## DATA SUPPLIED
*** Block opens ***

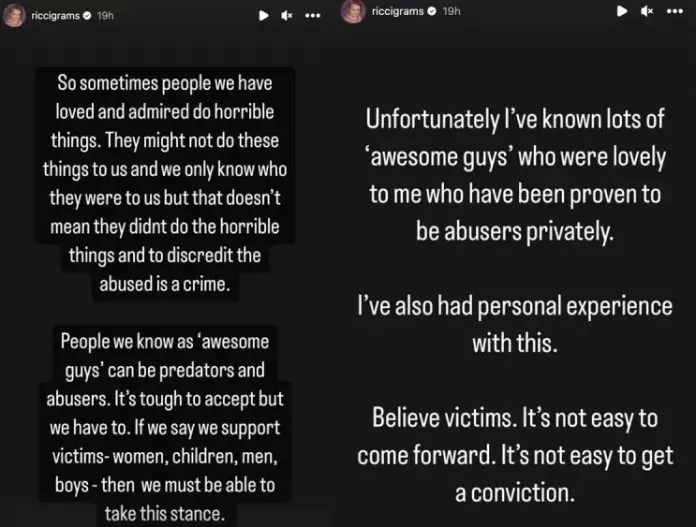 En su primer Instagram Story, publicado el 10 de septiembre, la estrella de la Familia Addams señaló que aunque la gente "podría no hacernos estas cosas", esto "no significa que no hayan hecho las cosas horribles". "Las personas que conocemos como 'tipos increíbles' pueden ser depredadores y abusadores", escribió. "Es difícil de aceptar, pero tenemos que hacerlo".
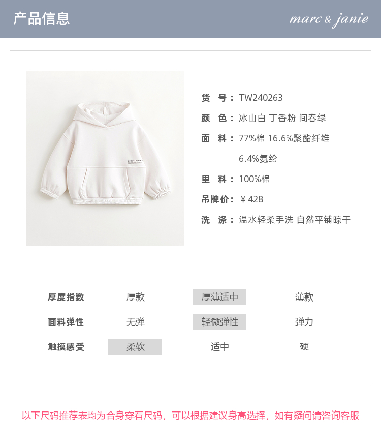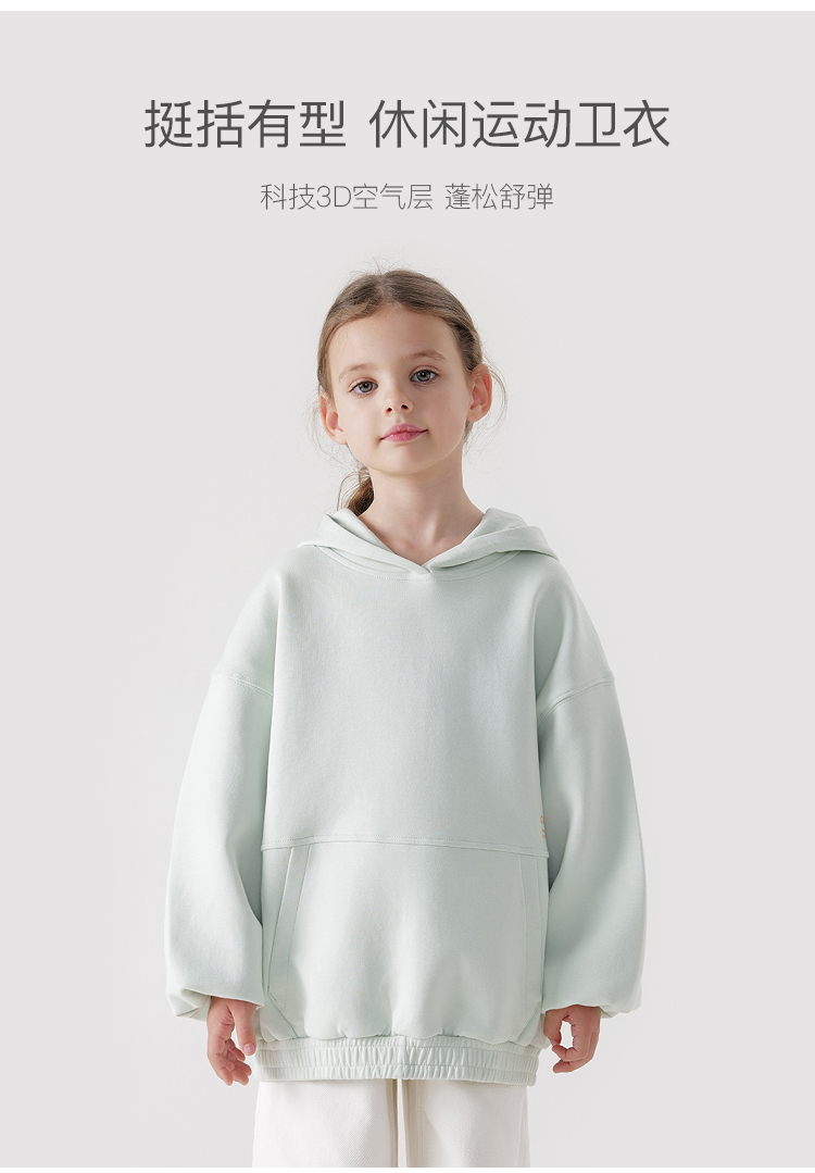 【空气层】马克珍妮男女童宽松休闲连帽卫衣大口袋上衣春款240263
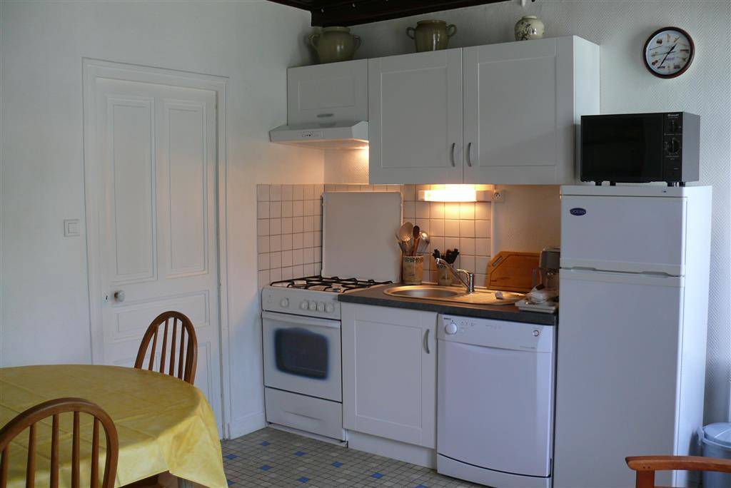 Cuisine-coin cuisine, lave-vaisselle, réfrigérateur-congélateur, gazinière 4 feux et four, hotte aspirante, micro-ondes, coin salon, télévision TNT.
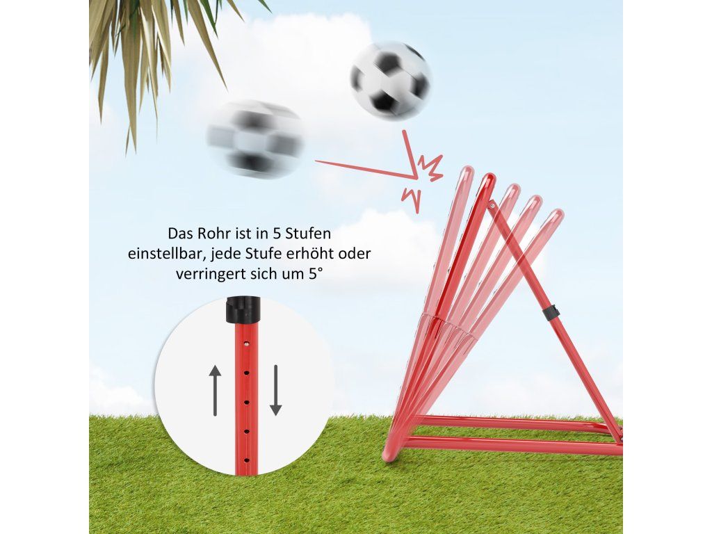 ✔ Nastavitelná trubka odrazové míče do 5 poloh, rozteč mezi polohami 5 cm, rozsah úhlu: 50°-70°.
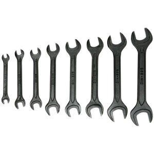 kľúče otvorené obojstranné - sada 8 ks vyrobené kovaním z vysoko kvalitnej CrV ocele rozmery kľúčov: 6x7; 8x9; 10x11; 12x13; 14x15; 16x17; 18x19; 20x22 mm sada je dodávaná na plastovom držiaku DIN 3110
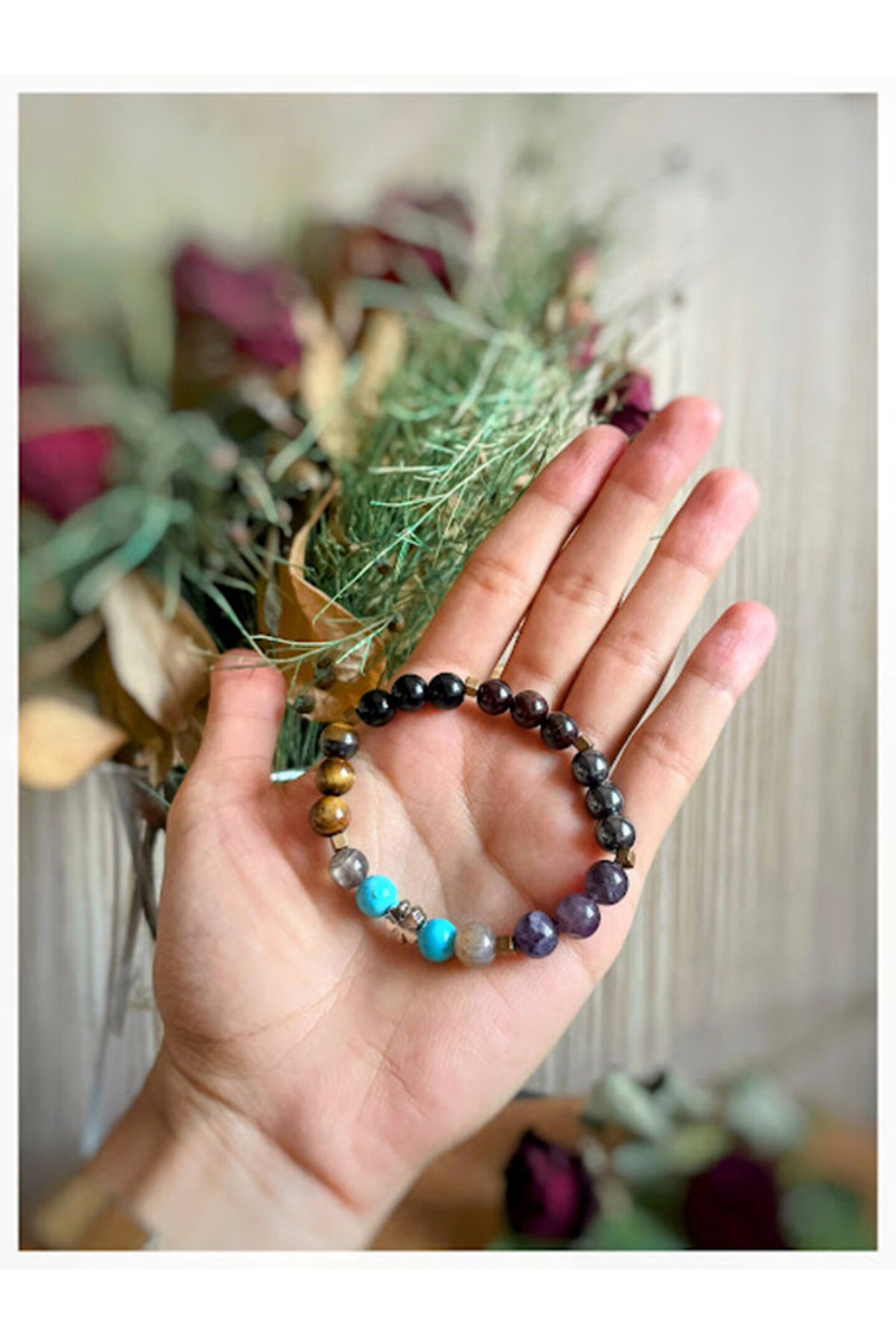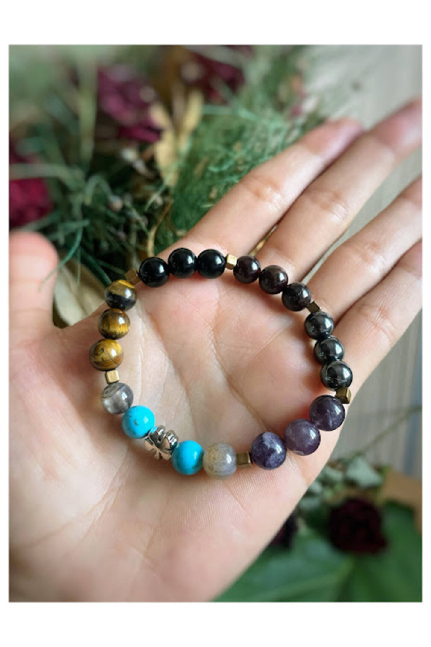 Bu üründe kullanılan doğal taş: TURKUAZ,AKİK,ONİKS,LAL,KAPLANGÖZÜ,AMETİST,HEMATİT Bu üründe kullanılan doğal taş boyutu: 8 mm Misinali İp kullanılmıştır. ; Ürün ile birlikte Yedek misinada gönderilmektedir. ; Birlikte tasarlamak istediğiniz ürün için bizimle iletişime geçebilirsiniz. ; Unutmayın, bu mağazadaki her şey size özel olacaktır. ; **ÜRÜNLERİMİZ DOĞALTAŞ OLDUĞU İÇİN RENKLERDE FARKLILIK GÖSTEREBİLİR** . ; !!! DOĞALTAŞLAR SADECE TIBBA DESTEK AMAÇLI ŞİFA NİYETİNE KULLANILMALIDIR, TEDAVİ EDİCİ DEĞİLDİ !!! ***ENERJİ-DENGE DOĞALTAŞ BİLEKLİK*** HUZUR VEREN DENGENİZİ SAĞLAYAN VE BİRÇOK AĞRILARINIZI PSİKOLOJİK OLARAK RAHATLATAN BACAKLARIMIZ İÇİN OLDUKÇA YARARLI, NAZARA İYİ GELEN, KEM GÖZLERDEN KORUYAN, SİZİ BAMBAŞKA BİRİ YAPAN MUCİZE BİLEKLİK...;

*** Block closes ***
*** Block opens ***

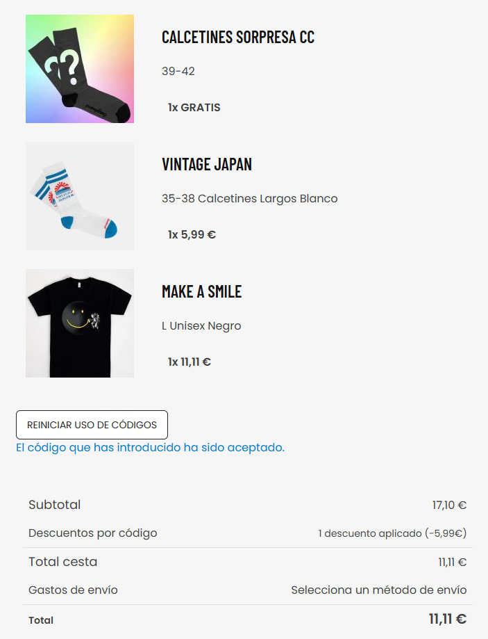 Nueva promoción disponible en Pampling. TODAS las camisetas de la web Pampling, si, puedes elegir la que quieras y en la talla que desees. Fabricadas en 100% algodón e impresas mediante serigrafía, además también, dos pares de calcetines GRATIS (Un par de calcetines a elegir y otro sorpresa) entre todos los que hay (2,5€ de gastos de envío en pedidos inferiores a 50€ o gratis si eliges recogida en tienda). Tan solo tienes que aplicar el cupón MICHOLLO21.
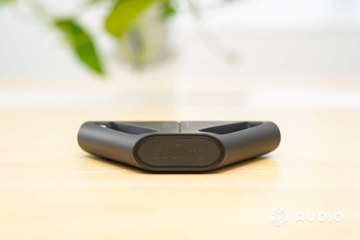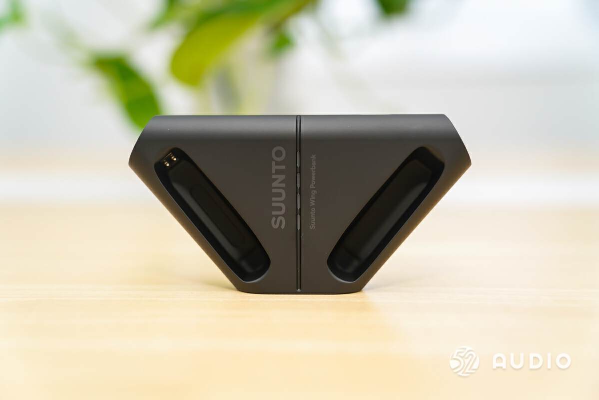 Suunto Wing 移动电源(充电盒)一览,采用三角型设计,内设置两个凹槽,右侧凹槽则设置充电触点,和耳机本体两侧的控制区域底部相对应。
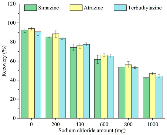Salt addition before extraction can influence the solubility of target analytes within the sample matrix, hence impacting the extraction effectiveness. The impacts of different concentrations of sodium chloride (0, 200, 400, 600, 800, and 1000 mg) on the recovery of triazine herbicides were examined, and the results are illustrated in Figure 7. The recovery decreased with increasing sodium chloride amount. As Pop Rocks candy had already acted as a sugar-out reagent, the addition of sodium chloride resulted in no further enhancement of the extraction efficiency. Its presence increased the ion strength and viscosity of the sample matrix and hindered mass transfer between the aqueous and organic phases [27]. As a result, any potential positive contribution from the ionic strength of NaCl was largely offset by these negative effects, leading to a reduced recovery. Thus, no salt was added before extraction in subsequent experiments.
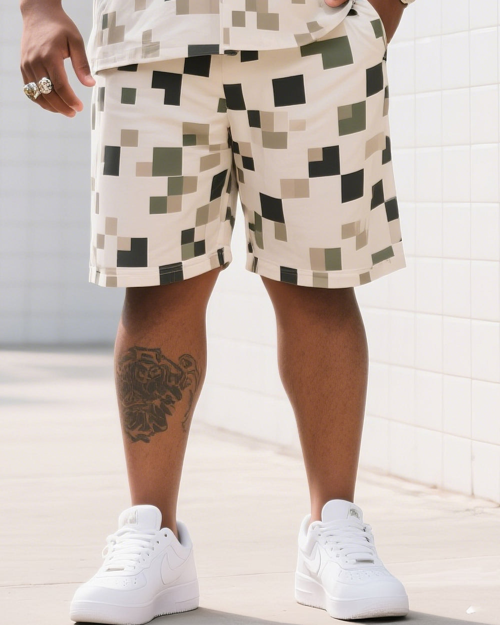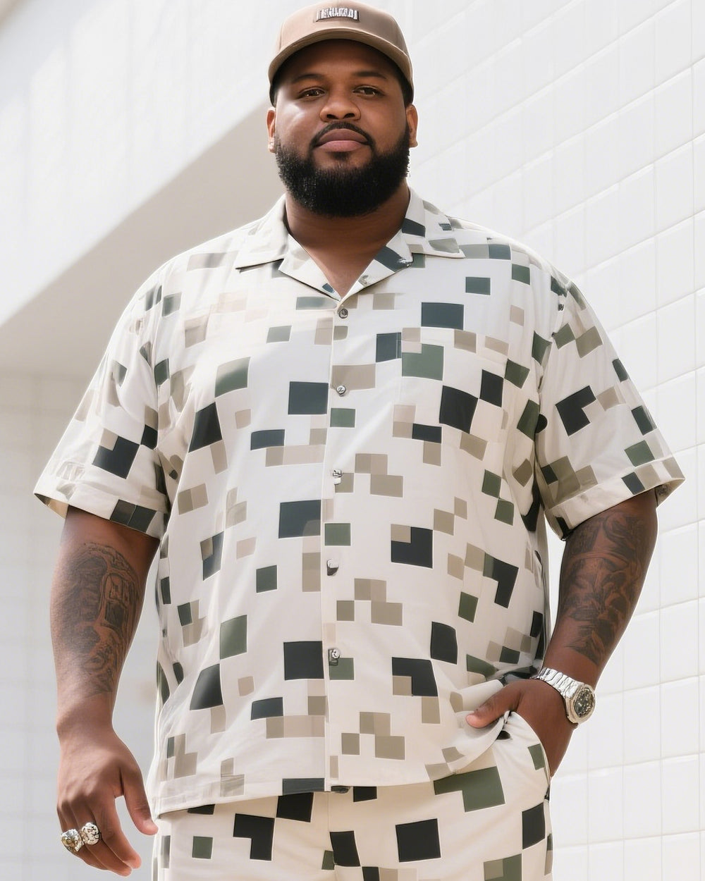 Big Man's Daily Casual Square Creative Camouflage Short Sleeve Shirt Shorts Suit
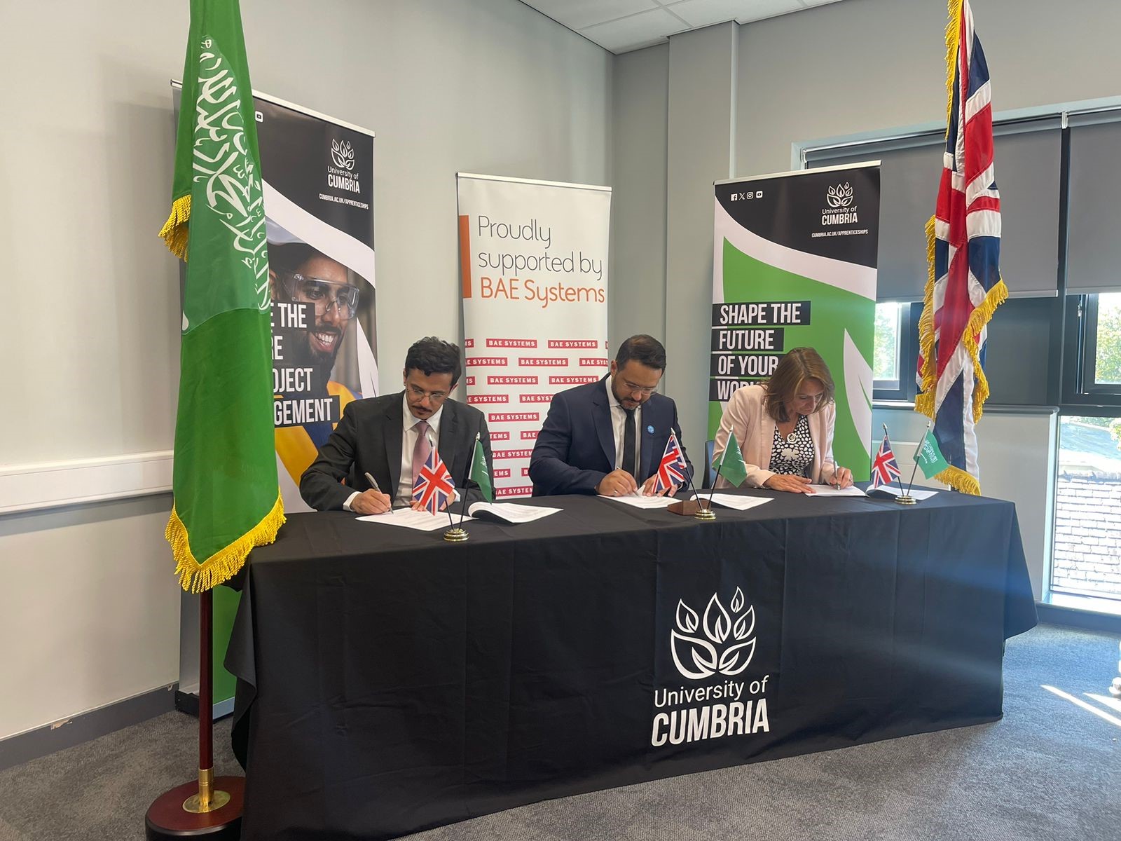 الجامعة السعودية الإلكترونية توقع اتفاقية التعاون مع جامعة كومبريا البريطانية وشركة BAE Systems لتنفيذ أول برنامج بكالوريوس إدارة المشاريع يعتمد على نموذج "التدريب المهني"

*** Block closes ***

An exact copy of the lines above from the one with "Salt addition before" up to and including the one with "الجامعة السعودية الإلكترونية" is required; reproduce only those lines, omitting all pictures.

## OUTPUT
Salt addition before extraction can influence the solubility of target analytes within the sample matrix, hence impacting the extraction effectiveness. The impacts of different concentrations of sodium chloride (0, 200, 400, 600, 800, and 1000 mg) on the recovery of triazine herbicides were examined, and the results are illustrated in Figure 7. The recovery decreased with increasing sodium chloride amount. As Pop Rocks candy had already acted as a sugar-out reagent, the addition of sodium chloride resulted in no further enhancement of the extraction efficiency. Its presence increased the ion strength and viscosity of the sample matrix and hindered mass transfer between the aqueous and organic phases [27]. As a result, any potential positive contribution from the ionic strength of NaCl was largely offset by these negative effects, leading to a reduced recovery. Thus, no salt was added before extraction in subsequent experiments.
 Big Man's Daily Casual Square Creative Camouflage Short Sleeve Shirt Shorts Suit
 الجامعة السعودية الإلكترونية توقع اتفاقية التعاون مع جامعة كومبريا البريطانية وشركة BAE Systems لتنفيذ أول برنامج بكالوريوس إدارة المشاريع يعتمد على نموذج "التدريب المهني"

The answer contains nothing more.